> GIVEN DATA:
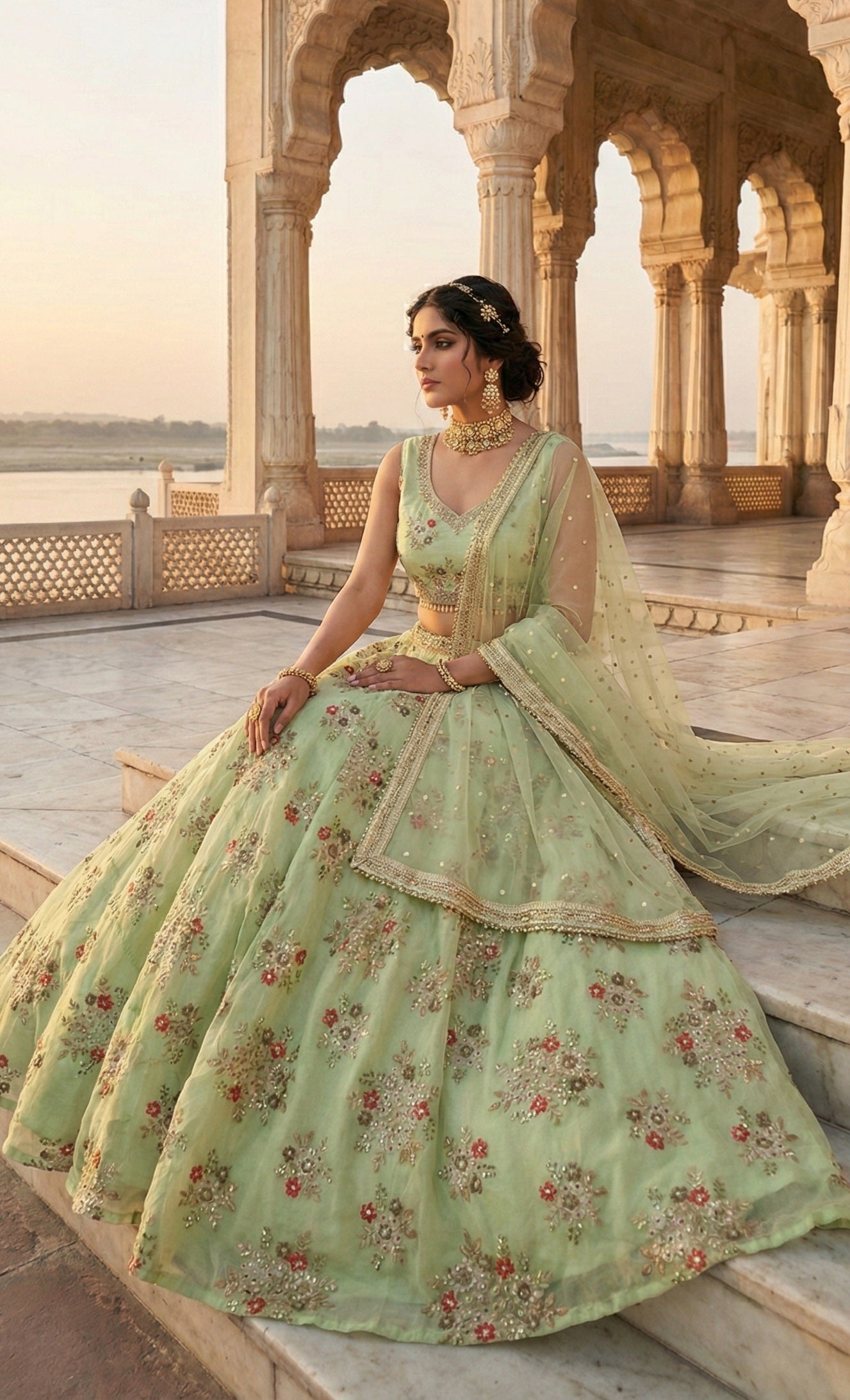Mint Green Floral Embroidered Bridal Lehenga Set
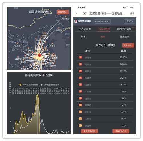 例如,百度地图推出迁徙地图总结描绘出了全国春运人员迁徙热力图,包含来源地、目的地、迁徙规模指数、迁徙规模趋势图等,为各地疫情防控决策提供了大数据支持。
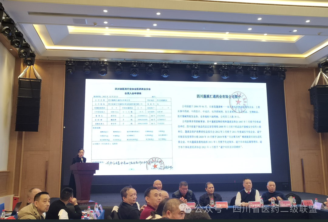 四、副秘书长何云燕组织讨论通过新会员四川诚济医药有限公司、四川蓬溪汇通药业有限公司加入了分会大家庭。
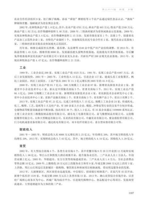 后工业发展较快。2001 年~ 2005 年,工业性投入 15 亿元,引进企业 117 家,建成头岙工业集聚区、枫

> WORK TASK: From the first line to the last, output the data exactly, without the pictures.

> ANSWER FOR THE TASK:
Mint Green Floral Embroidered Bridal Lehenga Set
 例如,百度地图推出迁徙地图总结描绘出了全国春运人员迁徙热力图,包含来源地、目的地、迁徙规模指数、迁徙规模趋势图等,为各地疫情防控决策提供了大数据支持。
 四、副秘书长何云燕组织讨论通过新会员四川诚济医药有限公司、四川蓬溪汇通药业有限公司加入了分会大家庭。
 后工业发展较快。2001 年~ 2005 年,工业性投入 15 亿元,引进企业 117 家,建成头岙工业集聚区、枫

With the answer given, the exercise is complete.